I am thinking about doing a competition in late February.  I have never done one before, so I would apreciate any good advice.  Be as brutal as you like.


----------



## VMIgf-1 (Oct 23, 2003)

*Immediately Post Cycle*

188 Lbs


----------



## VMIgf-1 (Oct 23, 2003)

*After PCT*

185 Lbs


----------



## VMIgf-1 (Oct 23, 2003)

*Legs*

Legs


----------



## VMIgf-1 (Oct 23, 2003)

*Back*

Back


----------



## VMIgf-1 (Oct 23, 2003)

*Another Back*

Back


----------



## BabsieGirl (Oct 23, 2003)

> _*Originally posted by VMIgf-1 *_
> The only side effects I experienced was a little acne on my upper cheeks and swollen ankles.

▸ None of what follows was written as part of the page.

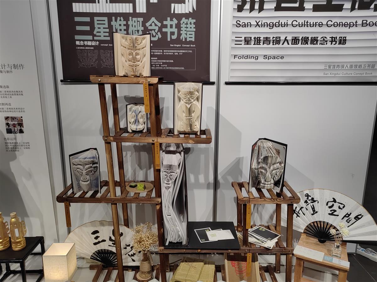 书籍和三星堆会产生怎样的“反应”?三星堆概念书籍将书籍的内页折叠,呈现了戴冠纵目面具、盘辫青铜人像、青铜跪坐人像等多个三星堆青铜人像的模样,连表情和神态都各异。在此次设计艺术展上,这样天马行空的创意非常多。

You may want to take it easy for a while.....swollen ankles is a sign of CHF.  Congested Heart Failure.  You're working your heart too much.


----------



## BabsieGirl (Oct 23, 2003)

*Re: After PCT*



> _*Originally posted by VMIgf-1 *_
> 185 Lbs




You need to work your chest a little more.


----------



## BabsieGirl (Oct 23, 2003)

*Re: Legs*



> _*Originally posted by VMIgf-1 *_
> Legs




Need to pack some more muscle on them legs.

Lookin good though.


----------



## VMIgf-1 (Oct 23, 2003)

*babsiegirl*

I prioritize my chest, but it doesn't respond like everything else.  Please critique me some more, I want to get better so I can compete some day.


----------



## BabsieGirl (Oct 23, 2003)

*Re: Back*



> _*Originally posted by VMIgf-1 *_
> Back




I'd work on your shrugs, romboids (spelling) and lats


----------



## BabsieGirl (Oct 23, 2003)

What are you chest days like?


----------



## BabsieGirl (Oct 23, 2003)

Oh...Your abs def. look better now than they did before.

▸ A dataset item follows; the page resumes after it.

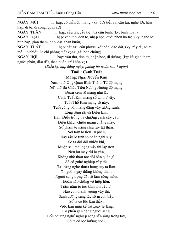 • Xem Ngày Tốt Xấu Vạn Sự: Cung cấp thông tin chính xác về ngày Hoàng đạo, Hắc đạo, giờ tốt xấu (theo các phương pháp cổ truyền như Tam Tông Miếu, Khổng Minh Lục Diệu...) để bạn lựa chọn được thời điểm lý tưởng cho mọi công việc quan trọng.

I'd work on your lower back too.


You'll compete someday.  If you want to compete in Feb...you better be getting on the wagon.  If you're gonna continue taking supplements I think you'll make it in time.  Don't over do it though.  It's not worth killing yourself.  Be smart.

Again, you look good.  Keep up the hard work.
How old are you?  Will you be competing in Teens?


----------



## BabsieGirl (Oct 23, 2003)

Sorry...One more thing.....How about a shot of those calves and Hams.


----------



## VMIgf-1 (Oct 23, 2003)

*Thanks*

I don't have a shot of my hams, why couldn't you just say... Get more massive.   Just kidding, I love the process and I am working hard. 

I am 23 and here is my diet plan.  what do you think.

Yes, I am 5% BF, I am just smooth due to a little water. 
I am 23 years old and 6 feet 1 inch tall.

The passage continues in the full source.